[Saved entries]
▶
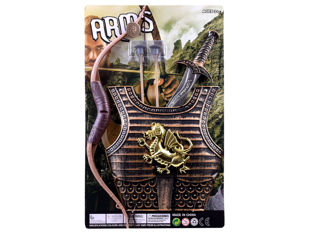 Brnění s mečem, lukem a šípy je sada pro mladého rytíře, která se skvěle hodí na hraní i na maškarní ples. Téměř každý chlapec si rád hraje na rytíře, bojovníky, vojáky atd. Mám možnost vám nabídnout úžasnou sadu pro malého lukostřelce. Realistická sada potěší nejednoho rytíře a je ideální pro hru i maškarní ples.
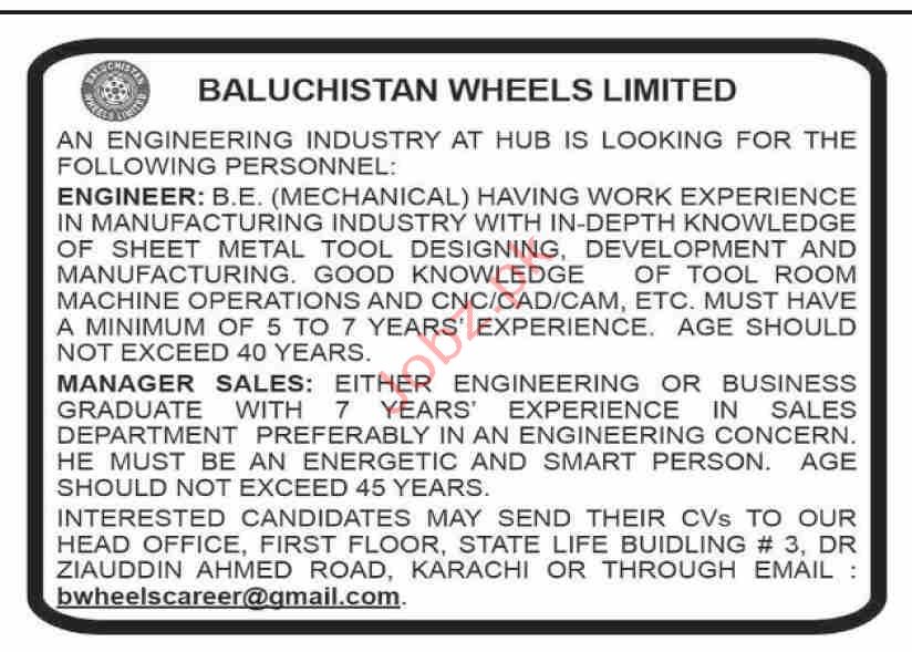 Vacancies in Baluchistan Wheels Limited Advertisement September 2019
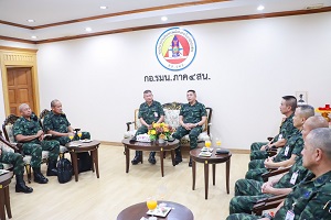 วันนี้ (18 เมษายน 2567) เวลา 15.00 น. ที่ ห้องรับรอง กองอำนวยการรักษาความมั่นคงภายในภาค 4 ส่วนหน้า ค่ายสิรินธร ตำบลเขาตูม อำเภอยะรัง จังหวัดปัตตานี พลโท ศานติ ศกุนตนาค แม่ทัพภาคที่ 4 / ผู้อำนวยการรักษาความมั่นคงภายในภาค 4 ให้การต้อนรับ พลโท ประสาน แสงศิริรักษ์ แม่ทัพภาคที่ 3 และคณะ ในโอกาสลงมาปฏิบัติภารกิจในพื้นที่จังหวัดชายแดนภาคใต้ และถือโอกาสเข้าเยี่ยมแม่ทัพภาคที่ 4 ตลอดจนได้พบปะ หารือ แลกเปลี่ยนความคิดเห็น ในการแก้ไขปัญหาในพื้นที่จังหวัดชายแดนภาคใต้ ให้พื้นที่เกิดความสันติสุขที่ยั่งยืนต่อไป
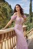 * Shimmering full-length gown adorned with intricate glitter detailing
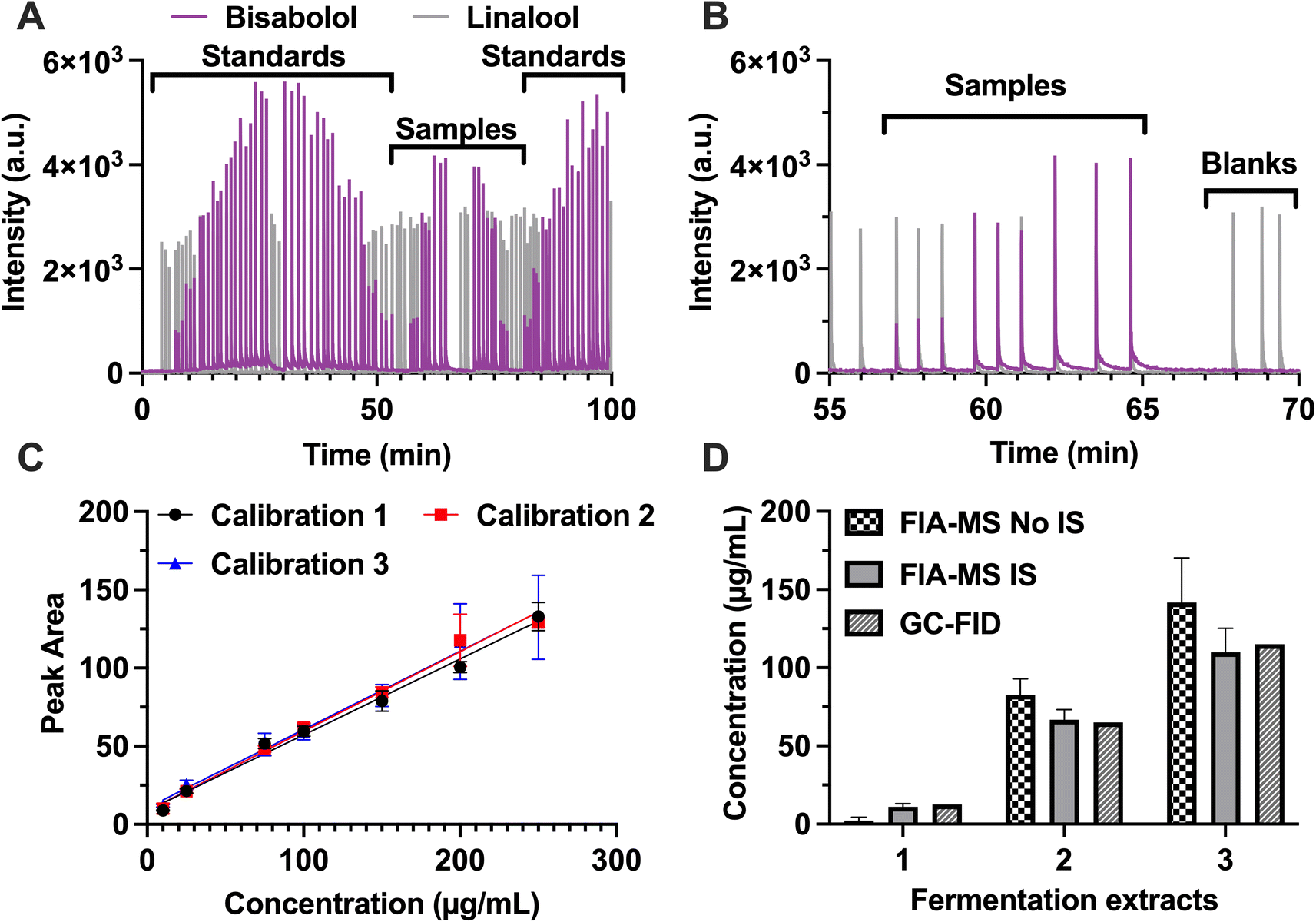 | | Fig. 4 FIA-APCI-MS/MS analysis of strain variants producing bisabolol. All samples and standards were injected in triplicate. (A) Full FIA-APCI-MS/MS trace including calibration standards and 3 strain variants producing varying amounts of bisabolol (purple trace) with is linalool trace (gray) added. (B) Zoomed in view where strain variant samples and blanks were infused. (C) Calibration curves generated from analysis. The entire set of calibration standards was injected three times over the course of the run. Calibration curve 1 covers the injections from 0–30 min. Calibration curve 2 covers the injections from 30–55 min. Calibration curve 3 covers the injections from 80–100 min. Points are plotted as average ±1 SD for replicates within one calibration curve (n = 3). (d) Comparison of fia-apci-ms ms−1 with and without is to GC-FID for bisabolol concentration. For FIA-MS data, bars are plotted as average of n = 3 injections ±1 SD. GC-FID concentration was determined from a single injection, so no error bars are plotted. | |
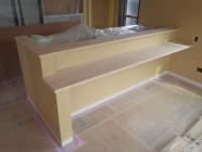 ・外部足場が解体され、建物外観がよく確認出来るようになり ました。外部給排水・エコキュート下地、浄化槽設置と外部工事を 進めていきます。 ・内部木工事、1階造作、幅木・廻し縁取付を終え,壁ボード 貼りと造作を進めています。
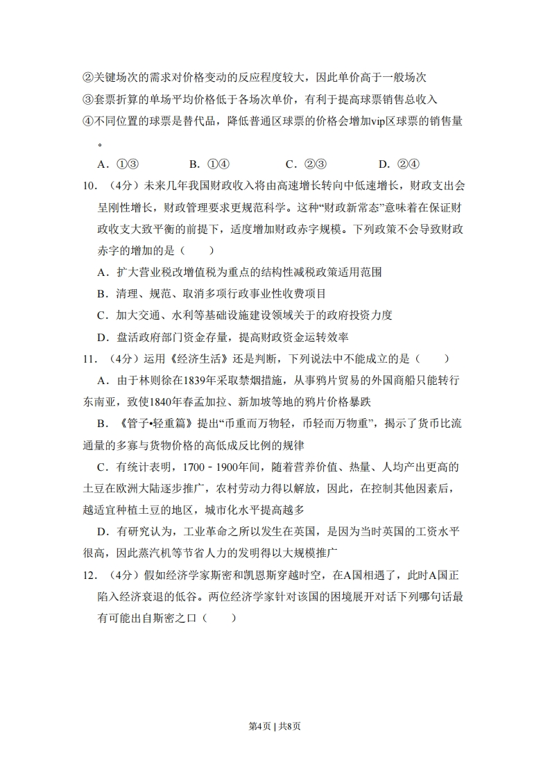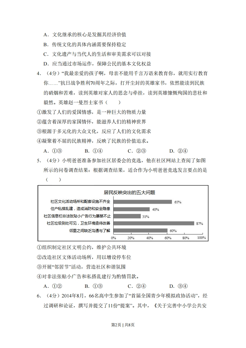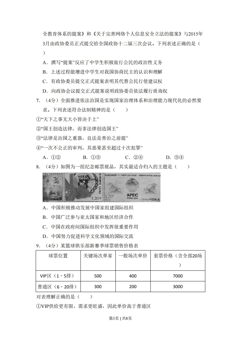 2015年北京市高考政治试卷一、选择题(每小题4分)1.(4分)读图,谷雨谷雨源自“雨生百谷”之说,古人将谷雨分为三候:“一候萍始生,二候鸣鸠拂其羽:三候戴胜降于桑,”每年4月19日至21日,当太阳到达黄经30度时为浴雨节气,此后气温迅速回升,雨量增多,适合农作物生长,农业生产进入繁忙时期,人们食香椿,赏牡丹,开始采摘谷雨茶。这说明在我国古代人们()①认识到了节气与农业关系生产的客观联系②将节气智慧融入生产和生活实践中③顺应自然节律,对自然的征服④在实践中获得了对人与自然关系的完整认识。A.①②B.①③C.②④D.③④2.(4分)“5W”是职业生涯规划中常用的思考模式(如图),这一模式启示我们,确定职业生涯规划时候()Who are you?你是谁?What do you want?你想干什么?What can you do?你能干什么?What can support you环境支挥或允许你干什么?What can you be in the end?你最终的职业目标是什么?①应明确自身兴趣、技能、和价值观②外部因素的支持和干扰具有根本影响③愿望、动机、和实现结果之间一致的④要在权衡理想和现实的过程中确立目标。A.①②B.①④C.②③D.③④3.(4分)盘龙藻井变身雨伞,飞檐角上的瑞兽蹲踞在铅笔上,朝珠成了时尚耳机.北京故宫博物院一改人们印象中的“正襟危坐”,以管藏文物和古典建筑为元素创作了多款热销产品。这说明()第1页|共8页
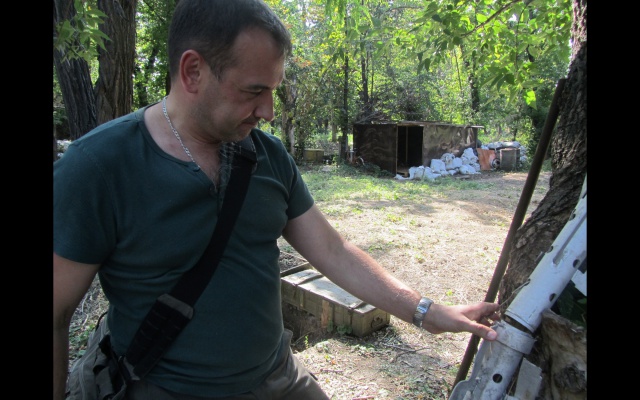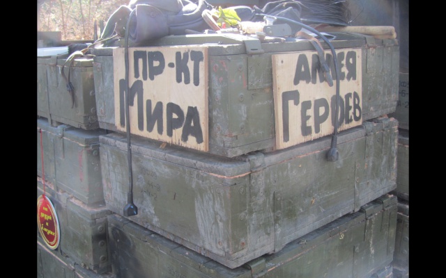 Собственно, эти ящики, а также следы от прямых попаданий, от осколков, обломки прилетевших с украинской стороны снарядов, стоящая наготове техника, полностью рассеивают радужные ассоциации с лагерем труда и отдыха. Это лагерь труда и боя. Это война.
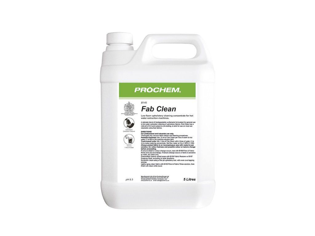 Fab Clean je špeciálne vyvinutý pre čistenie textílií a čalúnenia pomocou horúcovodných extraktorov. Je šetrný k vláknam a farbám, vďaka neutrálnemu pH. Vhodný pre prenosné aj truck-mount zariadenia. Biologicky rozložiteľné zloženie podporuje ekologické čistenie – ideálne pre profesionálne použitie v komerčných priestoroch.
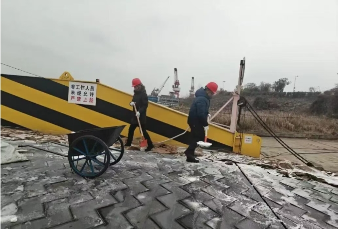 長沙金霞港口公司全體干部職工對作業(yè)區(qū)、主干道等重點區(qū)域的積雪積冰進行“地毯式”清理,保障港口道路暢通無阻和作業(yè)現場安全有序。同時,公司嚴格執(zhí)行24小時應急值班制度,通過內部渠道及時發(fā)布天氣預警,確保指令上傳下達暢通,為快速響應冰雪天氣筑牢制度保障。
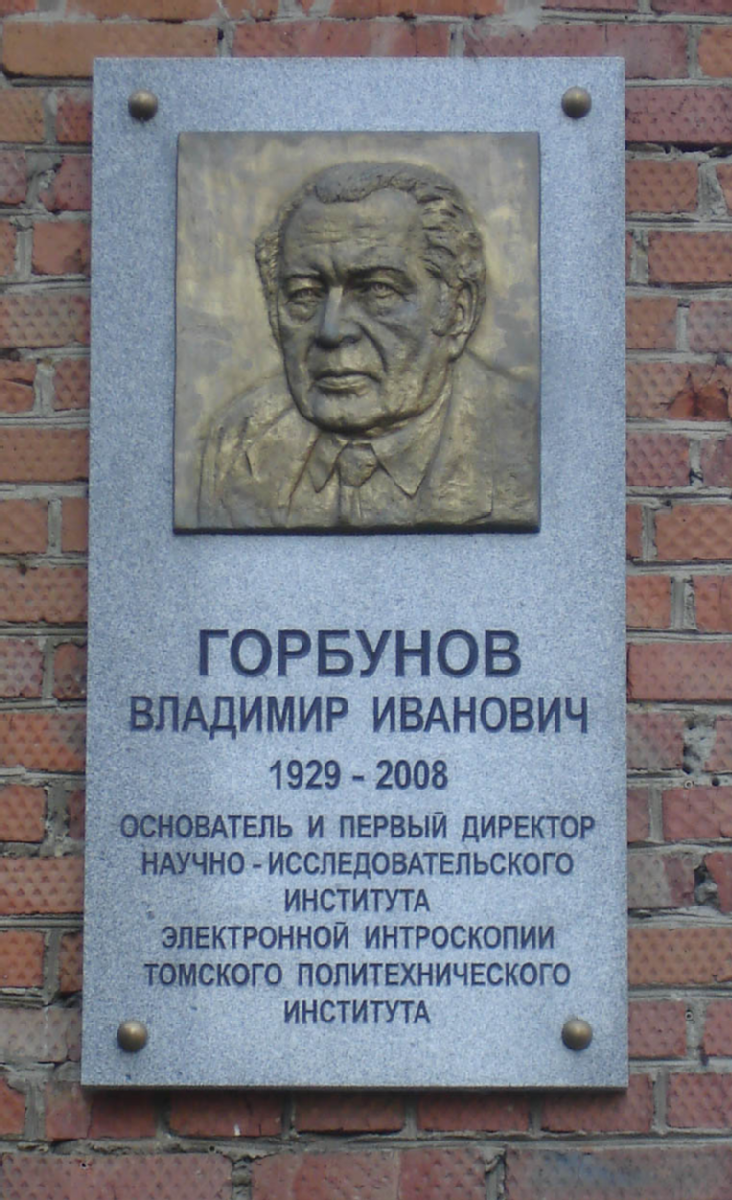 Открыта: 2009. Бронза, гранит, барельеф (портрет).«Горбунов Владимир Иванович. 1929-2008. Основатель и первый директор научно-исследовательского института электронной интроскопии Томского политехнического института»
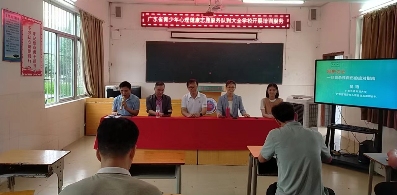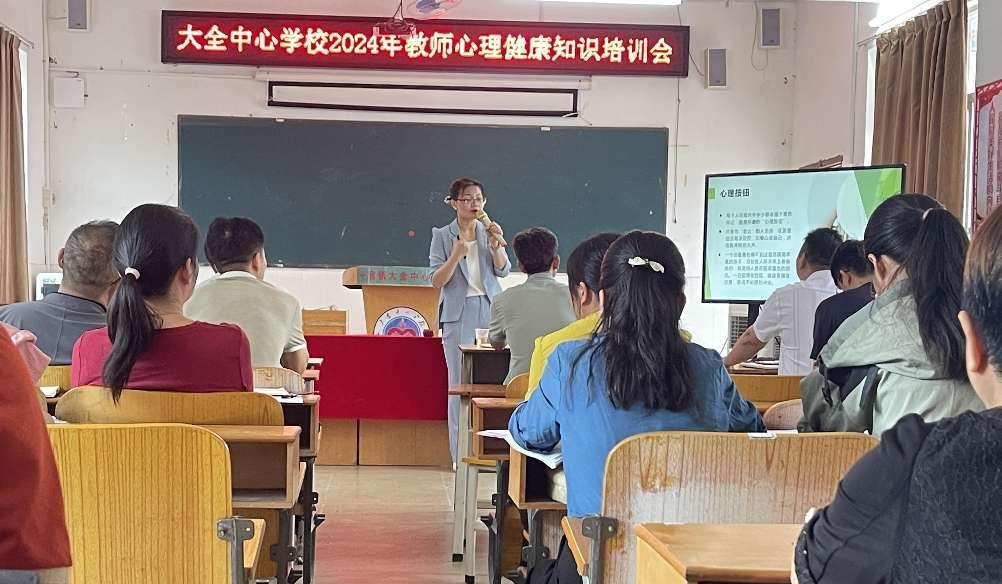 2024年5月10日下午,受郁南县干官镇大全中心学校邀请,广东外语外贸大学社会与公共管理学院应用心理学系教工党支部到校开展心理健康知识培训。社会与公共管理学院党委书记邵兵,双百行动工作对驻郁南负责人、广东工业大学物理学院胡正发教授参加本次活动,广东外语外贸大学应用心理学系吴艳教授主讲,郁南县干官镇大全中心学校全体教职工参加了培训。
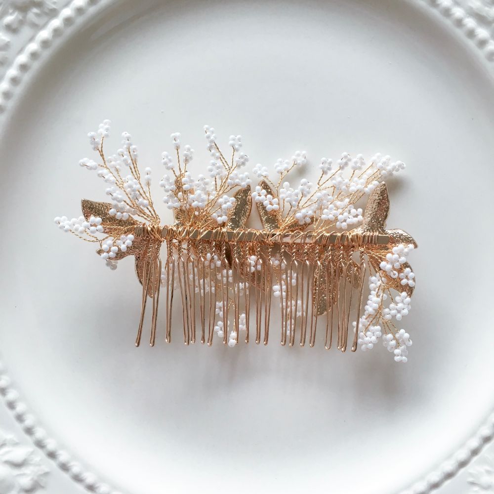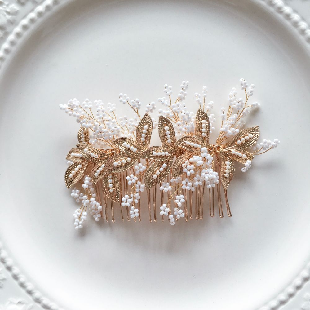【ヘッドドレス】ブライダルヘッドドレス ビーズ リーフ ゴールド h1 【結婚式 ヘアアクセサリー】
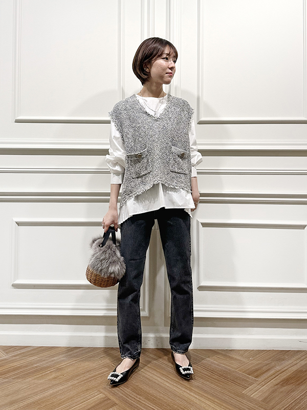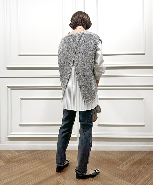 トレンド感のあるツイード調のベストと、バックスタイルが美しいシャツがセットになったアイテム。
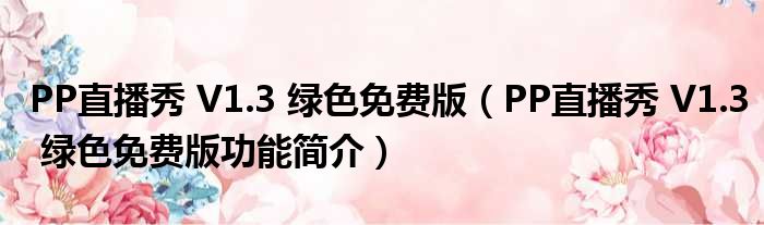 PP直播秀 V1.3 绿色免费版(PP直播秀 V1.3 绿色免费版功能简介)
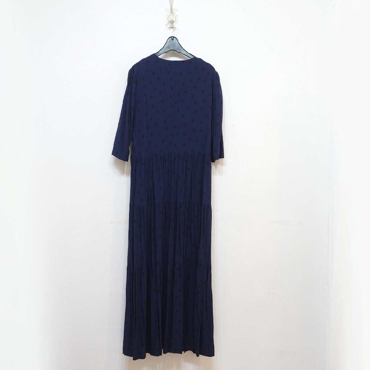 SINME (M) 日本製 レーヨン ドット ティアードロングワンピース  シンメ  ネイビー  J3-76
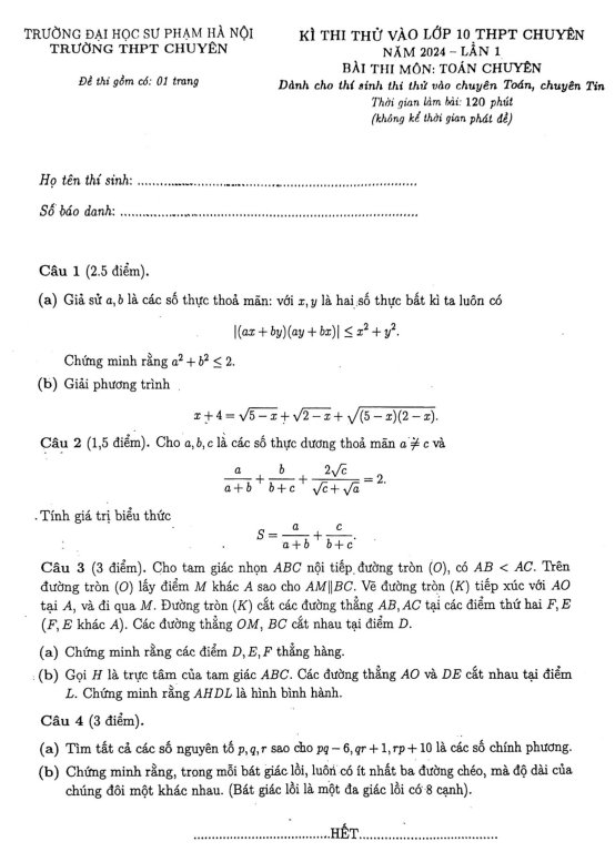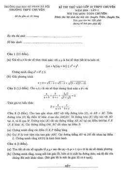 Đề thi thử vào lớp 10 chuyên Toán trường chuyên ĐHSP Hà Nội | năm học 2023-2024
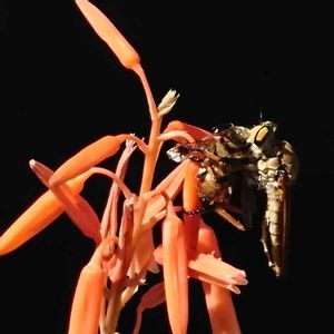 おはようございます♪ 今朝の沖縄の天気は曇り。 昨夜は久々にしっかり雨が降ってくれたので、植物たちが生き生きしている気がします♪ アロエ の花に止まっていたのはお食事中の アオメアブ さん? ミツバチさんが捕まっていました。
◀
Restate every record exactly, please; do not copy the pictures.

● Exercise output
 Brnění s mečem, lukem a šípy je sada pro mladého rytíře, která se skvěle hodí na hraní i na maškarní ples. Téměř každý chlapec si rád hraje na rytíře, bojovníky, vojáky atd. Mám možnost vám nabídnout úžasnou sadu pro malého lukostřelce. Realistická sada potěší nejednoho rytíře a je ideální pro hru i maškarní ples.
 Vacancies in Baluchistan Wheels Limited Advertisement September 2019
 วันนี้ (18 เมษายน 2567) เวลา 15.00 น. ที่ ห้องรับรอง กองอำนวยการรักษาความมั่นคงภายในภาค 4 ส่วนหน้า ค่ายสิรินธร ตำบลเขาตูม อำเภอยะรัง จังหวัดปัตตานี พลโท ศานติ ศกุนตนาค แม่ทัพภาคที่ 4 / ผู้อำนวยการรักษาความมั่นคงภายในภาค 4 ให้การต้อนรับ พลโท ประสาน แสงศิริรักษ์ แม่ทัพภาคที่ 3 และคณะ ในโอกาสลงมาปฏิบัติภารกิจในพื้นที่จังหวัดชายแดนภาคใต้ และถือโอกาสเข้าเยี่ยมแม่ทัพภาคที่ 4 ตลอดจนได้พบปะ หารือ แลกเปลี่ยนความคิดเห็น ในการแก้ไขปัญหาในพื้นที่จังหวัดชายแดนภาคใต้ ให้พื้นที่เกิดความสันติสุขที่ยั่งยืนต่อไป
 * Shimmering full-length gown adorned with intricate glitter detailing
 | | Fig. 4 FIA-APCI-MS/MS analysis of strain variants producing bisabolol. All samples and standards were injected in triplicate. (A) Full FIA-APCI-MS/MS trace including calibration standards and 3 strain variants producing varying amounts of bisabolol (purple trace) with is linalool trace (gray) added. (B) Zoomed in view where strain variant samples and blanks were infused. (C) Calibration curves generated from analysis. The entire set of calibration standards was injected three times over the course of the run. Calibration curve 1 covers the injections from 0–30 min. Calibration curve 2 covers the injections from 30–55 min. Calibration curve 3 covers the injections from 80–100 min. Points are plotted as average ±1 SD for replicates within one calibration curve (n = 3). (d) Comparison of fia-apci-ms ms−1 with and without is to GC-FID for bisabolol concentration. For FIA-MS data, bars are plotted as average of n = 3 injections ±1 SD. GC-FID concentration was determined from a single injection, so no error bars are plotted. | |
 ・外部足場が解体され、建物外観がよく確認出来るようになり ました。外部給排水・エコキュート下地、浄化槽設置と外部工事を 進めていきます。 ・内部木工事、1階造作、幅木・廻し縁取付を終え,壁ボード 貼りと造作を進めています。
 2015年北京市高考政治试卷一、选择题(每小题4分)1.(4分)读图,谷雨谷雨源自“雨生百谷”之说,古人将谷雨分为三候:“一候萍始生,二候鸣鸠拂其羽:三候戴胜降于桑,”每年4月19日至21日,当太阳到达黄经30度时为浴雨节气,此后气温迅速回升,雨量增多,适合农作物生长,农业生产进入繁忙时期,人们食香椿,赏牡丹,开始采摘谷雨茶。这说明在我国古代人们()①认识到了节气与农业关系生产的客观联系②将节气智慧融入生产和生活实践中③顺应自然节律,对自然的征服④在实践中获得了对人与自然关系的完整认识。A.①②B.①③C.②④D.③④2.(4分)“5W”是职业生涯规划中常用的思考模式(如图),这一模式启示我们,确定职业生涯规划时候()Who are you?你是谁?What do you want?你想干什么?What can you do?你能干什么?What can support you环境支挥或允许你干什么?What can you be in the end?你最终的职业目标是什么?①应明确自身兴趣、技能、和价值观②外部因素的支持和干扰具有根本影响③愿望、动机、和实现结果之间一致的④要在权衡理想和现实的过程中确立目标。A.①②B.①④C.②③D.③④3.(4分)盘龙藻井变身雨伞,飞檐角上的瑞兽蹲踞在铅笔上,朝珠成了时尚耳机.北京故宫博物院一改人们印象中的“正襟危坐”,以管藏文物和古典建筑为元素创作了多款热销产品。这说明()第1页|共8页
 Собственно, эти ящики, а также следы от прямых попаданий, от осколков, обломки прилетевших с украинской стороны снарядов, стоящая наготове техника, полностью рассеивают радужные ассоциации с лагерем труда и отдыха. Это лагерь труда и боя. Это война.
 Fab Clean je špeciálne vyvinutý pre čistenie textílií a čalúnenia pomocou horúcovodných extraktorov. Je šetrný k vláknam a farbám, vďaka neutrálnemu pH. Vhodný pre prenosné aj truck-mount zariadenia. Biologicky rozložiteľné zloženie podporuje ekologické čistenie – ideálne pre profesionálne použitie v komerčných priestoroch.
 長沙金霞港口公司全體干部職工對作業(yè)區(qū)、主干道等重點區(qū)域的積雪積冰進行“地毯式”清理,保障港口道路暢通無阻和作業(yè)現場安全有序。同時,公司嚴格執(zhí)行24小時應急值班制度,通過內部渠道及時發(fā)布天氣預警,確保指令上傳下達暢通,為快速響應冰雪天氣筑牢制度保障。
 Открыта: 2009. Бронза, гранит, барельеф (портрет).«Горбунов Владимир Иванович. 1929-2008. Основатель и первый директор научно-исследовательского института электронной интроскопии Томского политехнического института»
 2024年5月10日下午,受郁南县干官镇大全中心学校邀请,广东外语外贸大学社会与公共管理学院应用心理学系教工党支部到校开展心理健康知识培训。社会与公共管理学院党委书记邵兵,双百行动工作对驻郁南负责人、广东工业大学物理学院胡正发教授参加本次活动,广东外语外贸大学应用心理学系吴艳教授主讲,郁南县干官镇大全中心学校全体教职工参加了培训。
【ヘッドドレス】ブライダルヘッドドレス ビーズ リーフ ゴールド h1 【結婚式 ヘアアクセサリー】
 トレンド感のあるツイード調のベストと、バックスタイルが美しいシャツがセットになったアイテム。
 PP直播秀 V1.3 绿色免费版(PP直播秀 V1.3 绿色免费版功能简介)
 SINME (M) 日本製 レーヨン ドット ティアードロングワンピース  シンメ  ネイビー  J3-76
 Đề thi thử vào lớp 10 chuyên Toán trường chuyên ĐHSP Hà Nội | năm học 2023-2024
 おはようございます♪ 今朝の沖縄の天気は曇り。 昨夜は久々にしっかり雨が降ってくれたので、植物たちが生き生きしている気がします♪ アロエ の花に止まっていたのはお食事中の アオメアブ さん? ミツバチさんが捕まっていました。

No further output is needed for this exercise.